Pero el problema con la posición extrema presentada en el libro de Haidt y en los titulares recientes (que el uso de la tecnología digital está causando directamente una crisis de salud mental a gran escala en los adolescentes) es que puede atizar el pánico y dejarnos sin las herramientas que realmente necesitamos. navegar por estos temas complejos. Dos cosas pueden ser ciertas: primero, que los espacios en línea donde los jóvenes pasan tanto tiempo requieren una reforma masiva, y segundo, que las redes sociales no están reconfigurando los cerebros de nuestros hijos ni están causando una epidemia de enfermedades mentales. Centrarse únicamente en las redes sociales puede significar que no se aborden las causas reales del trastorno mental y la angustia entre nuestros niños.
Riesgo fuera de línea—a nivel comunitario, familiar y infantil—sigue siendo el mejor predictor de si los niños están expuestos a contenidos y experiencias negativos en línea.

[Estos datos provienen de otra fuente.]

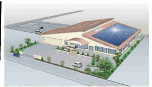
充実した設備と木のぬくもりに包まれ、1日1日をゆっくりと安心して楽しく過ごせる施設です。
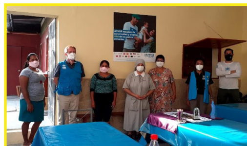
Comedor Hermanas de Santa Ana

Más de 4.400 kits han sido distribuidos por ACNUR y sus socios, que incluyen kits para bebés en Tacna y Cusco, kits de higiene en Lima, y mosquiteros, máscaras, ropa y utensilios de cocina distribuidos en Arequipa, Lima, Cusco, Tacna y Tumbes. Además, se han distribuido unas 17.400 mantas en Apurímac, Arequipa, Cusco, Lima y Tacna desde el inicio de la Emergencia para mejorar la capacidad de camas hospitalarias, y para enfrentar el invierno.
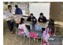
防災ポーチづくり 特定非営利活動法人 <まちづくりスポット仙台>
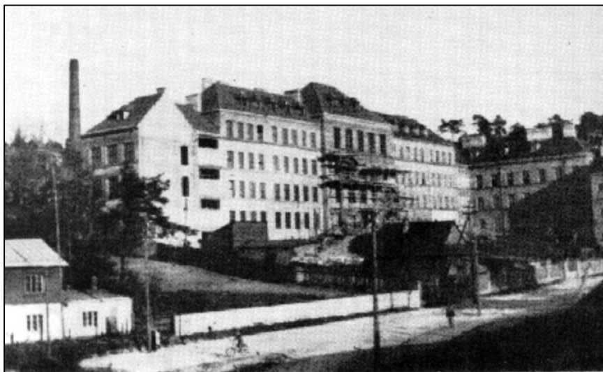
Budynek Państwowej Szkoły Technicznej im. J. Piłsudskiego w Wilnie

Wracam z duszą na ramieniu. Na szczęście pociąg nie ogrzewany, niektóre okna na korytarzu wybite, więc wszyscy siedzą w paltach, okryciach. Kolejarze jeszcze nasi, więc kontrole są stosunkowo łagodne. Mnie ułatwia przejazd wileńska legitymacja szkolna - jadę się uczyć do Wilna.
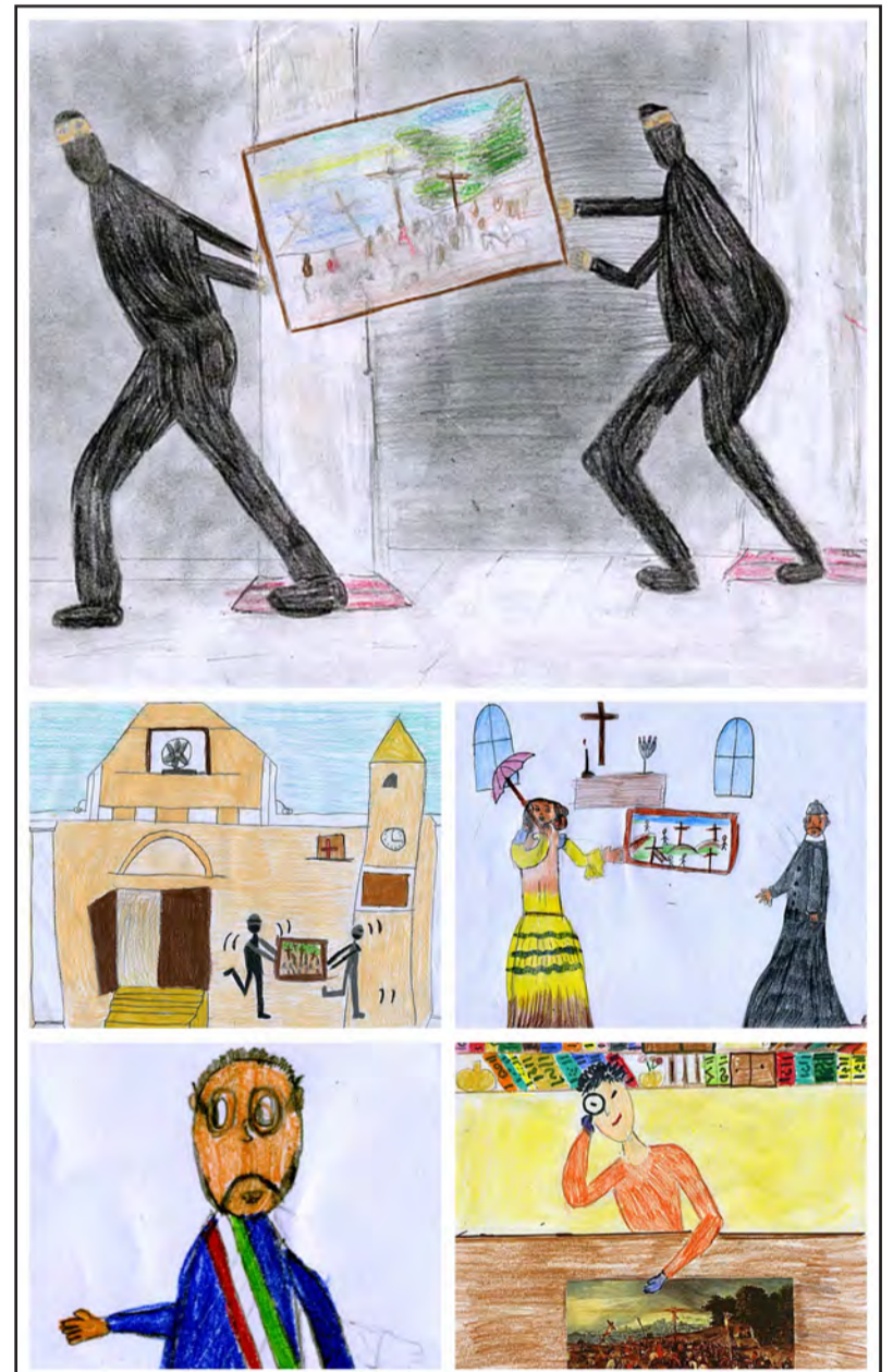
Alcuni disegni degli alunni che hanno illustrato il progetto per il concorso "Le meraviglie nascoste d'Italia"
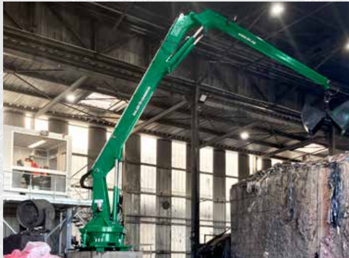
SARPI VEOLIA, La Talaudiere, France
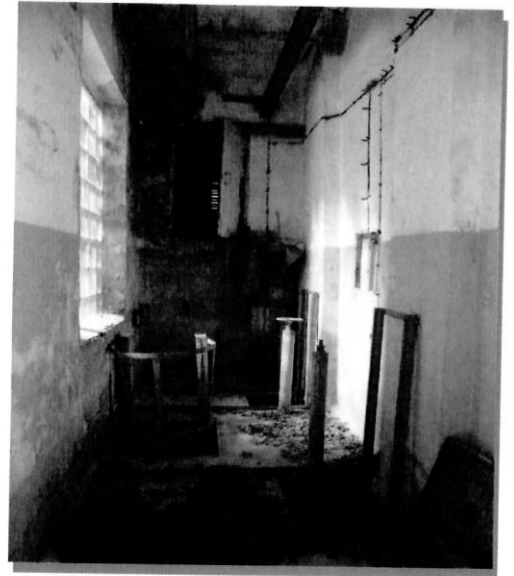
Вход в помещение
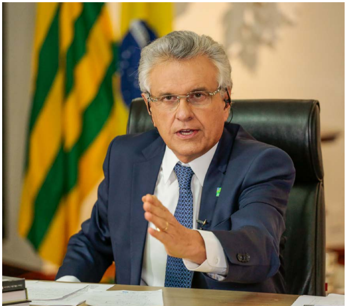
Ex-governador Ronaldo Caiado descarta alianças com outras siglas no primeiro turno

Segundo ele, definições dessa natureza costumam ocorrer apenas em estágios mais avançados do processo eleitoral. Caiado ainda lembrou que esta será sua
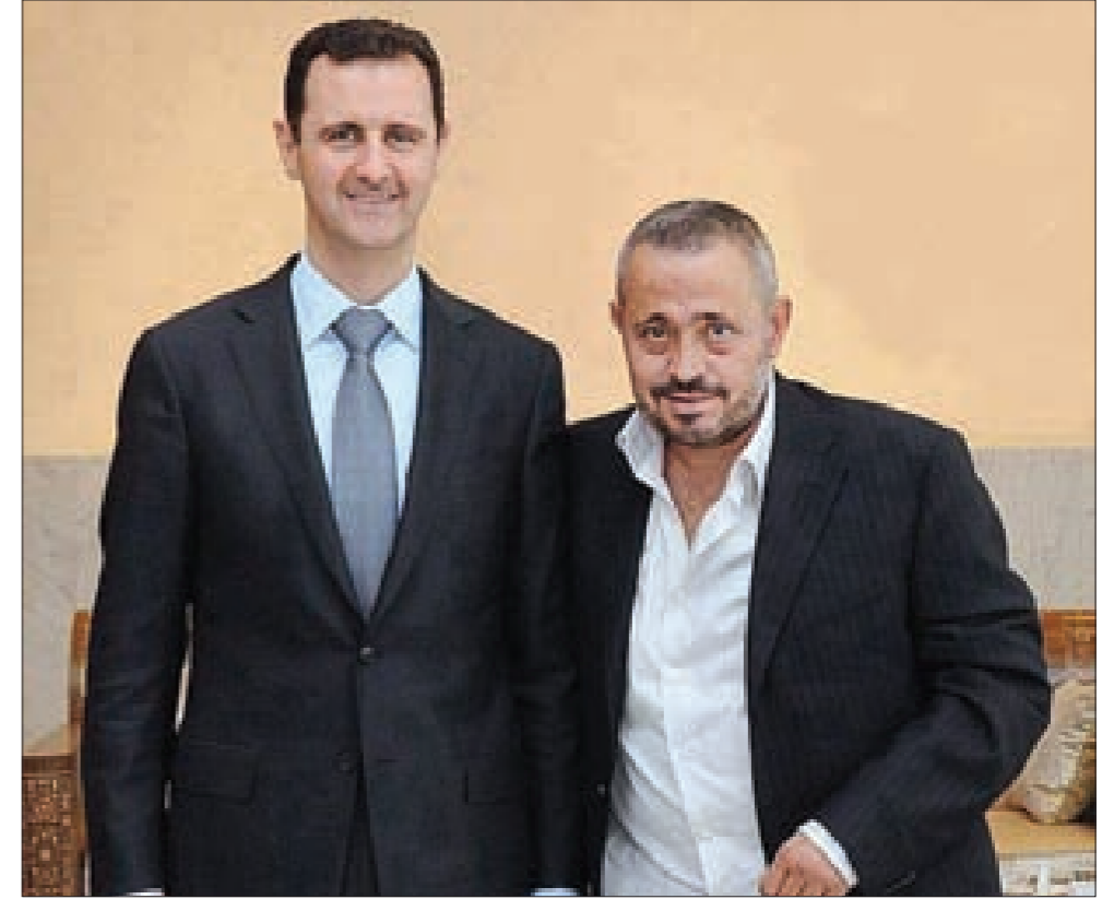
استقبل الرئيس السوري بشار الأسد سلطان الطرب جورج وسوف ونجله وديع في قصر المالك. وتأتي الزيارة بعد أيام من المقابلة التي أجراها الـسوف ضمن حلقة «قول يا ملك» على قناة «الجديد»، والتي وجه خلالها الـسوف تحية تقدير إلى الرئيس السوري، وعبر فيها بطريقة مؤثرة عن تعلقه بوطنه، وعن رفضه كل أشكال الإرهاب الذي يمارس ضد الشعب السوري، كما أعلن تأييده المطلق للخط المقاوم الذي تشكل سورية حاضنته، معرباً عن تقديره أيضاً للأمين العام لحزب الله السيد حسن نصر الله. وقد أثنى الرئيس الأسد على هذه المقابلة، وشكر الـسوف على النقة التي أعطاهما للقيادة السوريّة.

بيّنت نتائج البحوث التي أجراها العلماء، أنه بعد بلوغ الشخص الخمسين من العمر يؤدي مستوى ضغط الدم إلى إضعاف عمل الدماغ وبالذات فقدان الذاكرة. توصل العلماء إلى هذا الاستنتاج بعد سنوات طويلة من البحث والتجارب التي شارك فيها أربعة آلاف شخص أعمارهم فوق 50 سنة. راقب العلماء حالة هؤلاء الأشخاص خلال فترة ربيع قرن من الزمن، وعندما بلغوا الـ 76 سنة من العمر جرى فحص دماغهم بواسطة التصوير بالرنين المغناطيسي. بيّنت نتائج هذا الفحص، أن الأشخاص الذين يعانون من ارتفاع ضغط الدم يعانون من مشاكل في الذاكرة، إضافة إلى أن ارتفاع ضغط الدم يسبب الخرف، ويعجل في تصبب الشرايين والقصور في عمل القلب واختلال نبضاته، وهو سبب أساسي لاحتشاء عضلة القلب والسكتة الدماغية في عمر الشباب. ويشير الخبراء إلى أن خطورة ارتفاع ضغط الدم، تكمن في أنه يكون من دون أعراض تذكر في المراحل الأولى. لذا إذا لم يشخص منذ البداية ولم تتخذ إجراءات علاجه في الوقت المناسب، فإنه يؤدي إلى إصابة القلب والأوعية الدموية بأمراض مختلفة. تبين الإحصائيات، أن حوالي ثلث سكان بريطانيا وأستراليا يعانون من مشاكل في ضغط الدم، وأن نصفهم لا يبالون بذلك. كما تبين الإحصائيات أن النساء أكثر عرضة للإصابة باحتشاء عضلة القلب «الجلطة»، مع أن مستوى ضغط الدم لديهن يبقى ضمن الحدود الطبيعية إلى حين بلوغهن سن اليأس، حيث ينخفض مستوى هرمون الاستروجين، ما يؤدي إلى ارتفاع مستوى ضغط الدم بصورة مفاجئة أحياناً.
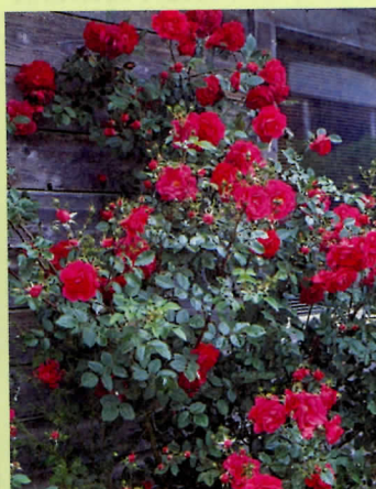
↑大馬士革薔薇可萃取出高品質的玫瑰精油。
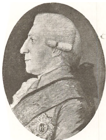
GREVE ADOLPH SIGFRIED von der OSTEN
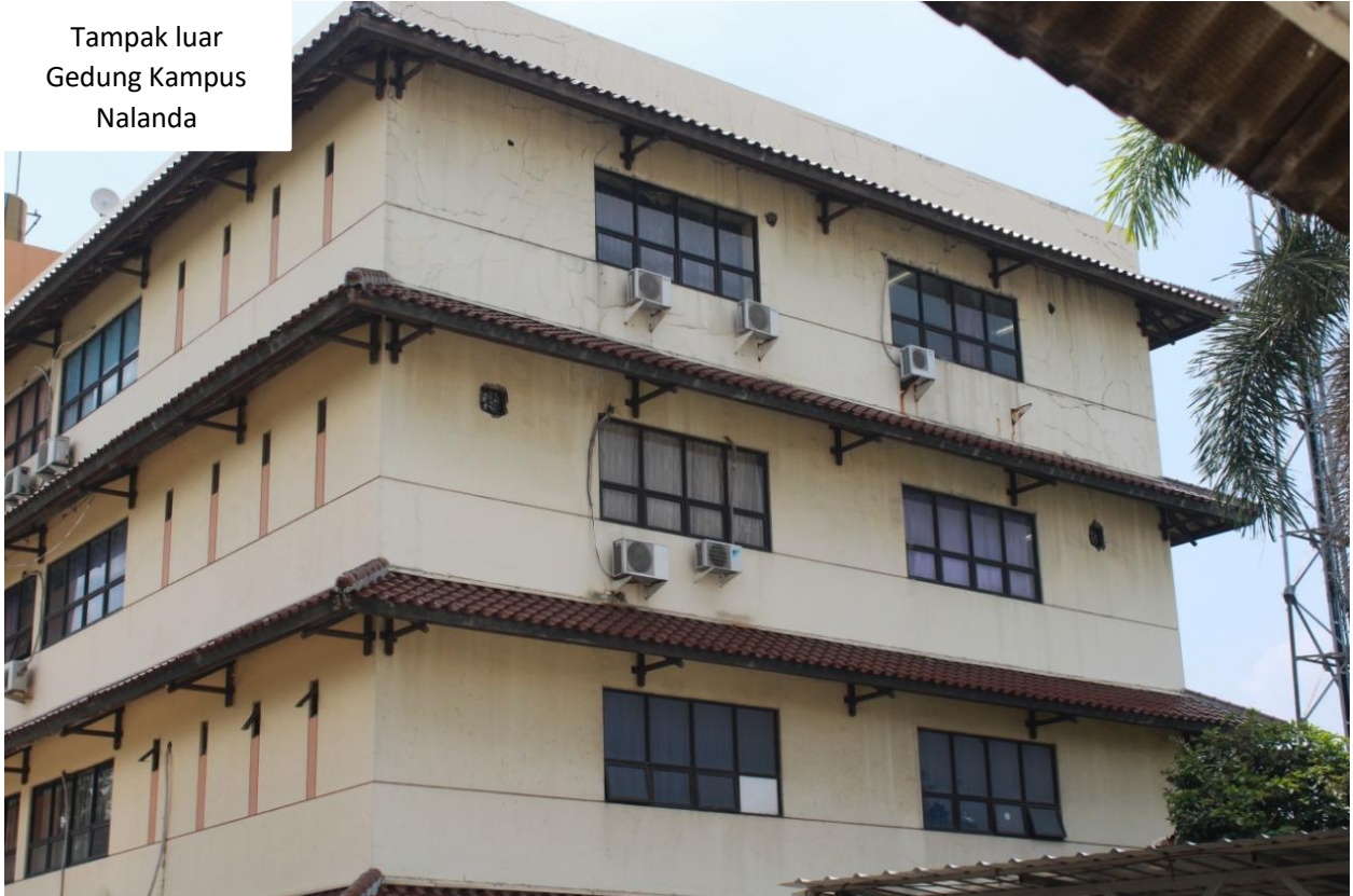
Tampak luar Gedung Kampus Nalanda
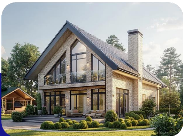
ИЖС – индивидуальные жилые дома
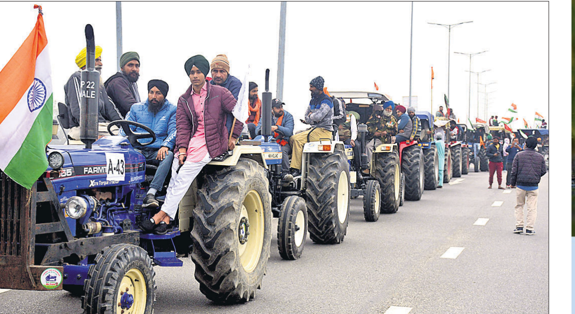
କୃଷକ ସଂଗଠନ ପକ୍ଷରୁ ନୂଆଦିଲ୍ଲୀରେ ଜାନୁୟାରୀ ୭ରେ ଡାକିବା ଦିଆଯାଇଥିବା ଟ୍ରାକ୍ଟର ରାଲି ପୂର୍ବରୁ ଗୁରୁବାର କରାଯାଇଥିବା ଅଭ୍ୟାସ। (ପୃଷ୍ଠା: ୪)

ପେଟ୍ରୋଲ ୨୪, ଡିଜେଲ ୩୦ ପଇସା ବଢ଼ିଲା। ନୂଆଦିଲ୍ଲୀ, ଭୁବନେଶ୍ୱର, ୭୧୧ ପ୍ରାୟ ୩୦ ଦିନର ବିରତି ପରେ ପୁଣି ୨ ଦିନ ହେବ ତେଲ ଦର ଲଗାତାର ବଢ଼ୁଛି। ଗୁରୁବାର ଭୁବନେଶ୍ୱରରେ ପେଟ୍ରୋଲ ଲିଟର ପିଛା ୨୪ ପଇସା ବଢ଼ିଥିବା ବେଳେ ଡିଜେଲ ୩୦ ପଇସା ଉର୍ଦ୍ଧ୍ୱରେ ରହିଛି। ଫଳରେ ପେଟ୍ରୋଲ ୮୪.୮୬ ଟଙ୍କା ଏବଂ ଡିଜେଲ ୮୧.୦୪ ଟଙ୍କା ହୁଇଥିବା ରାଷ୍ଟ୍ରୀୟ ଟେକ୍ ବିପଣନ କମ୍ପାନୀଗୁଡ଼ିକ ପକ୍ଷରୁ ସୂଚନା ମିଳିଛି। ବୁଧବାର ପେଟ୍ରୋଲ ଏବଂ ଡିଜେଲ ଦର ଯଥାକ୍ରମେ ୨୬ ଏବଂ ୨୬ ପଇସା ବଢ଼ିଥିଲା। କରୋନା

Los niños que crecen en familias con menos recursos fuera de línea también menos probabilidades de recibir apoyo activo por adultos a medida que aprenden a navegar en el mundo en línea. Si reaccionamos a estos problemas basándonos únicamente en el miedo, en lugar de considerar lo que los adolescentes realmente necesitan, es posible que sólo ampliemos esta brecha de oportunidades.
No debemos enviar el mensaje a las familias (y a los adolescentes) de que el uso de las redes sociales, que es común entre los adolescentes y útil en muchos casos, es inherentemente dañino, vergonzoso y perjudicial. Que no es. Lo que mis compañeros investigadores y yo vemos cuando nos conectamos con adolescentes es que los jóvenes se conectan a Internet para hacer cosas habituales de los adolescentes. Se conectan con compañeros de su vida fuera de línea, consumen música y medios y juegan con amigos. Pasar tiempo en YouTube sigue siendo la más frecuente Actividad en línea para adolescentes estadounidenses. Los adolescentes también van en línea para buscar información sobre salud, y esto es especialmente cierto si también informan que ellos mismos experimentan angustia psicológica o encuentran barreras para encontrar ayuda fuera de línea. Muchos adolescentes informe encontrar espacios de refugio en línea, especialmente cuando tienen identidades marginadas o carecen de apoyo en su familia y escuela. Los adolescentes también informe desean, pero a menudo no pueden acceder, servicios y apoyos de salud mental en línea.
Con el tiempo, todos los adolescentes necesitarán saber cómo navegar de forma segura en espacios en línea, por lo que cerrar o restringir el acceso a los teléfonos inteligentes y a las redes sociales es una buena idea. poco probable que funcione a largo plazo. En muchos casos, hacerlo podría resultar contraproducente: los adolescentes encontrarán formas creativas de acceder a estos o incluso a más espacios no regulados, y no deberíamos darles adicional razones para sentirse alienados de los adultos en sus vidas.